ASSIGNMENT: Could you please transcribe the data exactly, without the pictures?

EXTRACTED RECORDS:
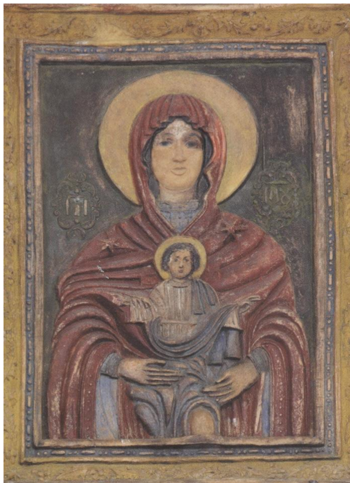
3. Ікона «Єлецька Богородиця». Дерево, темпера, олія, позолота. 90-ті роки XVII ст.

національної дерев'яної, а також форми й прийоми західноєвропейської архітектури. Цей тип тринавого, багатокупольного храму був втілений у багатьох соборах Києва, Чернігова, Батурина, Глухова, Полтавщини. Відомий козацький літописець Самійло Величко посав про Лазаря Барановича що він був: “дбалий майстер та невсипущий будівничий для реставрації зруйнованих церков та монастирів за свій кошт”.
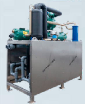
Forkælir sér um að halda jöfnu afköstum krapavélarinnar þegar hitastig er mismunandi.
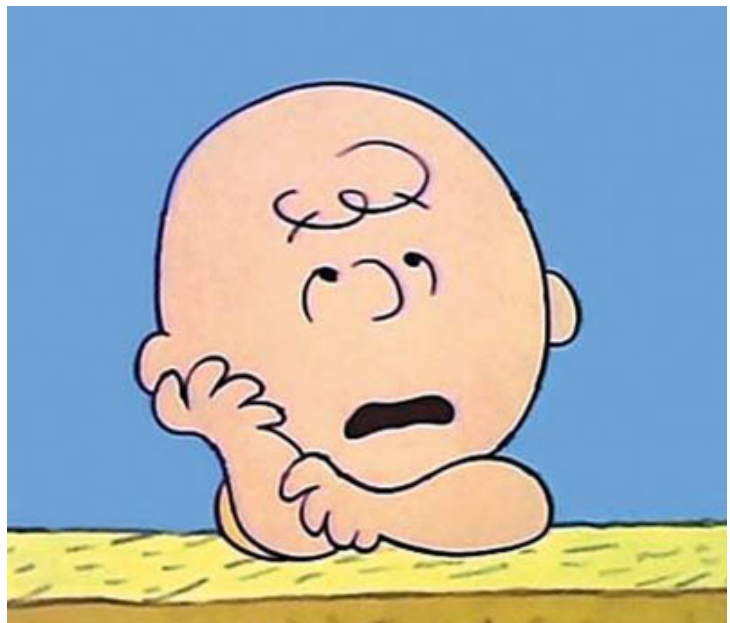
我的沉默寡言誤導了大家

此刻我深切懷念著「海都市」，她雖然已然離世，但我覺得她此刻一定在另一個世界見證著兒子的驕人成就。正是這個深得崔家厚愛的家庭成員，讓我的「靈」馬之夢得以成真。

RESULT:
3. Ікона «Єлецька Богородиця». Дерево, темпера, олія, позолота. 90-ті роки XVII ст.

національної дерев'яної, а також форми й прийоми західноєвропейської архітектури. Цей тип тринавого, багатокупольного храму був втілений у багатьох соборах Києва, Чернігова, Батурина, Глухова, Полтавщини. Відомий козацький літописець Самійло Величко посав про Лазаря Барановича що він був: “дбалий майстер та невсипущий будівничий для реставрації зруйнованих церков та монастирів за свій кошт”.
Forkælir sér um að halda jöfnu afköstum krapavélarinnar þegar hitastig er mismunandi.
我的沉默寡言誤導了大家

此刻我深切懷念著「海都市」，她雖然已然離世，但我覺得她此刻一定在另一個世界見證著兒子的驕人成就。正是這個深得崔家厚愛的家庭成員，讓我的「靈」馬之夢得以成真。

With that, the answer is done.